Project Description:

StreetRace🚗💨 defines a set of tools that the AI model can use to interact with the file system (listing directories, reading/writing files, and executing CLI commands) and search for text within files. The core logic uses a common LLMAPI interface implemented by provider-specific classes (Anthropic, Gemini, OpenAI, Ollama) to handle interactions with different AI models. This architecture makes it easy to switch between providers while maintaining consistent functionality.

Key Components:

  • ai_interface.py: Defines the abstract base LLMAPI class that all provider implementations must follow.
  • claude_provider.py: Implements the LLMAPI interface for Anthropic's Anthropic models.
  • gemini_provider.py: Implements the LLMAPI interface for Google's Gemini models.
  • openai_provider.py: Implements the LLMAPI interface for OpenAI models.
  • ollama_provider.py: Implements the LLMAPI interface for locally hosted models via Ollama.
  • ai_provider_factory.py: Factory functions to create and use the appropriate provider.
  • main.py: Provides a command-line interface for interacting with the AI providers.
  • tools/fs_tool.py: Implements file system tools (list directory, read file, write file, execute CLI command).
  • tools/search.py: Implements a tool for searching text within files.
  • completer.py: Implements path (@) and command (/) autocompletion for the interactive prompt.

Workflow:

  1. The user provides a prompt through the command-line interface in main.py.
  2. The appropriate AI provider is selected based on command line arguments or available API keys.
  3. The prompt is passed to the provider's generate_with_tool method.
  4. The provider sends the prompt and conversation history to the AI model.
  5. The AI model processes the input and may call one of the defined tools.
  6. If a tool is called, the provider executes the corresponding function in tools/fs_tool.py or tools/search.py.
  7. The result of the tool execution is sent back to the AI model.
  8. The AI model generates a response, which is displayed to the user.
  9. The conversation history is updated, and the process repeats.

Tools

These are functions the AI model can request to execute:

  • fs_tool.list_directory: Lists files and directories in a given path.
  • fs_tool.read_file: Reads the content of a file.
  • fs_tool.write_file: Writes content to a file.
  • fs_tool.execute_cli_command: Executes a CLI command with full interactive capabilities.
  • search.search_files: Searches for text in files matching a glob pattern.

Usage

Run the application using python src/streetrace/main.py (or python -m streetrace.main if installed).

Command Line Arguments

StreetRace🚗💨 supports the following command line arguments:

python src/streetrace/main.py [--provider {anthropic|gemini|ollama|openai}] [--model MODEL_NAME] [--prompt PROMPT] [--path PATH]

Options:

  • --provider - Choose AI provider (anthropic, gemini, ollama, or openai)
  • --model - Specific model name to use (e.g., anthropic-3-opus-20240229, gemini-1.5-flash, llama3:8b, or gpt-4o)
  • --prompt - Prompt to send to the AI model (skips interactive mode if provided)
  • --path - Specify which path to use as the working directory for all file operations
  • --debug - Enable debug logging.

If no provider is specified, StreetRace🚗💨 will automatically select an AI model based on the available API keys in the following order:

  1. Anthropic (if ANTHROPIC_API_KEY is set)
  2. Gemini (if GEMINI_API_KEY is set)
  3. OpenAI (if OPENAI_API_KEY is set)
  4. Ollama (if OLLAMA_API_URL is set or Ollama is installed locally)
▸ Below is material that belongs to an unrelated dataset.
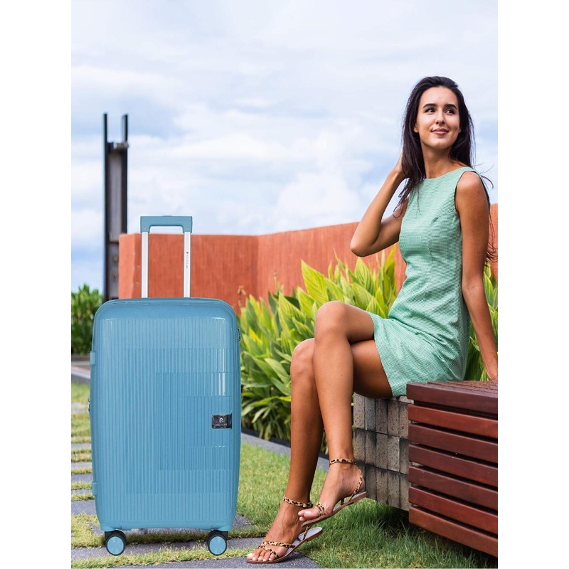 Sea-green textured hard-sided trolley suitcase, secured with Combination lockOne handle on the top, has a retractable trolley handle360-degree rotatable corner-mounted inline skate 8 wheelsOne main compartments, has elasticated straps secured with click cl

Working with Files in Another Directory

The --path argument allows you to specify a different working directory for all file operations:

python src/streetrace/main.py --path /path/to/your/project

This path will be used as the working directory (work_dir) for all tools that interact with the file system, including:

  • list_directory
  • read_file
  • write_file
  • search_files

This feature makes it easier to work with files in another location without changing your current directory.

Interactive Mode

When run without --prompt, StreetRace🚗💨 enters interactive mode.

Autocompletion

  • Type @ followed by characters to autocomplete file or directory paths relative to the working directory.
  • Type / at the beginning of the line to autocomplete available internal commands.

Internal Commands

These commands can be typed directly into the prompt (with autocompletion support):

  • /exit: Exit the interactive session.
  • /quit: Quit the interactive session.
  • /history: Display the conversation history.
  • /compact: Summarize conversation history to reduce token count.
  • (Future commands like /help, /config could be added here)

For detailed information about the /compact command, see docs/commands/compact.md.

Non-interactive Mode

You can use the --prompt argument to run StreetRace🚗💨 in non-interactive mode:

python src/streetrace/main.py --prompt "List all Python files in the current directory"

This will execute the prompt once and exit, which is useful for scripting or one-off commands.

Interactive CLI Execution

The execute_cli_command tool supports fully interactive subprocesses:

  • Standard input/output/error of the subprocess are connected to the application's standard input/output/error
  • Users can see real-time output from the subprocess
  • Users can provide input when the subprocess prompts for it
  • All output is still captured and returned in the result for the AI model to analyze

This allows for interactive use of command-line tools, such as text editors, REPLs, or any program that expects user input. For example, the AI can run a Python interpreter and let you interactively test code:

> Please run a Python interpreter so I can test some code
Running Python interpreter...
Type Python code at the prompt:

Python 3.8.10 (default, Nov 14 2022, 12:59:47)
[GCC 9.4.0] on linux
Type "help", "copyright", "credits" or "license" for more information.
>>> print("Hello, interactive world!")
Hello, interactive world!
>>>

To exit interactive processes, use the standard method for that program (such as Ctrl-D for Python REPL or :q for vim).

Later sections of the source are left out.